◆ TASK PROMPT ◆
Your task is to retype, word for word, the lines from the start of the data through the line holding "Unabhängig von der". Do not include the pictures.

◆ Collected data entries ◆
.....

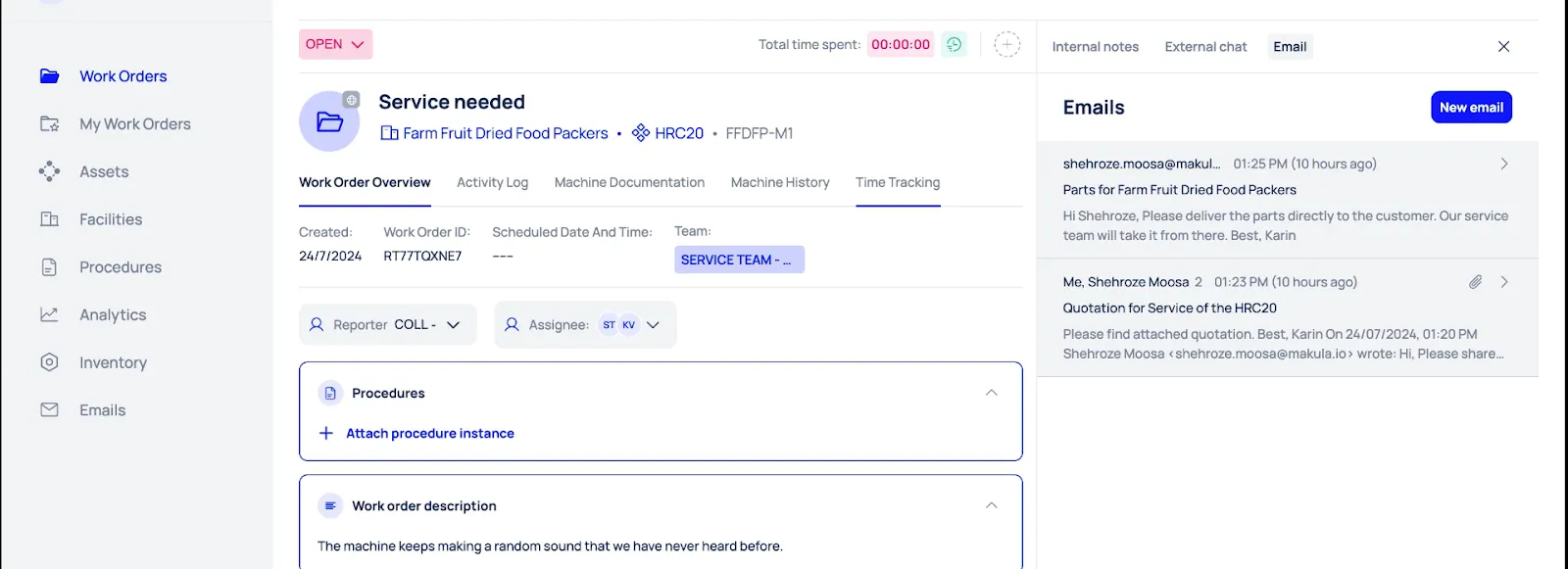 - Emails: Service managers can review and reply to customer emails within the same work order, keeping client communication relevant to a specific machine issue.
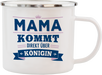 Weiße Emaille-Becher / Kaffee-Tee-Tasse "Mama kommt direkt über Königin" für 500ml Heiß-oder Kaltgetränke - Spülmaschinengeeignet
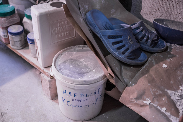 Оправленная посуда переходит в другой конец цеха, к Тане. Она работает с керамикой уже 17 лет. Говорит, судьба у нее такая — быть художником-самоучкой, как впервые столкнулась с керамикой, так и не смогла бросить это дело ради чего-то более перспективного. Впрочем, заказы от Лолиты и Тимура позволяют ребятам зарабатывать неплохие деньги (работа оплачивается сдельно), к тому же она креативная и нескучная, и неудивительно, что за полтора года все сроднились.
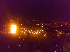 | Костёр и фаер-шоу на праздновании Белтейна под Эдинбургом, Шотландия | |
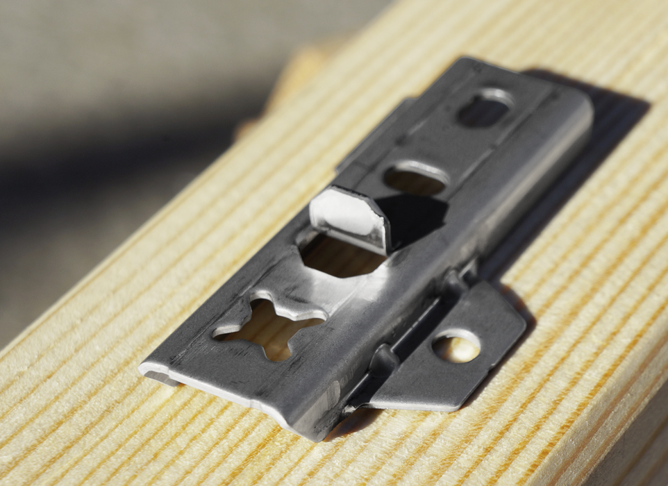 Unabhängig von der Dielengeometrie wird diese mit dem DILA Terrassenverbinder schnell realisiert. Die Bauhöhe des Verbinders schafft einen optimalen Abstand zwischen Belag und Unterkonstruktion, um die Bildung von Staunässe zu verhindern.
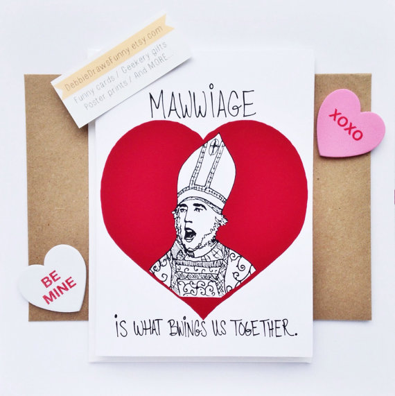 Beloved and I really get into giving each other funny cards. On birthdays and holidays, we each give the other between 3 and 6 cards. This is why I consider myself something of a greeting card expert. Not surprisingly, Etsy sellers’ funny Valentine’s Day selections run the gamut from awesomely funny I-don’t-care-what-shipping-costs cards to so-terrible-I’m-posting-it-on-my-Facebook-wall cards, and I’m here to celebrate the lot!

.....

◆ ANSWER ◆
 - Emails: Service managers can review and reply to customer emails within the same work order, keeping client communication relevant to a specific machine issue.
 Weiße Emaille-Becher / Kaffee-Tee-Tasse "Mama kommt direkt über Königin" für 500ml Heiß-oder Kaltgetränke - Spülmaschinengeeignet
 Оправленная посуда переходит в другой конец цеха, к Тане. Она работает с керамикой уже 17 лет. Говорит, судьба у нее такая — быть художником-самоучкой, как впервые столкнулась с керамикой, так и не смогла бросить это дело ради чего-то более перспективного. Впрочем, заказы от Лолиты и Тимура позволяют ребятам зарабатывать неплохие деньги (работа оплачивается сдельно), к тому же она креативная и нескучная, и неудивительно, что за полтора года все сроднились.
 | Костёр и фаер-шоу на праздновании Белтейна под Эдинбургом, Шотландия | |
 Unabhängig von der Dielengeometrie wird diese mit dem DILA Terrassenverbinder schnell realisiert. Die Bauhöhe des Verbinders schafft einen optimalen Abstand zwischen Belag und Unterkonstruktion, um die Bildung von Staunässe zu verhindern.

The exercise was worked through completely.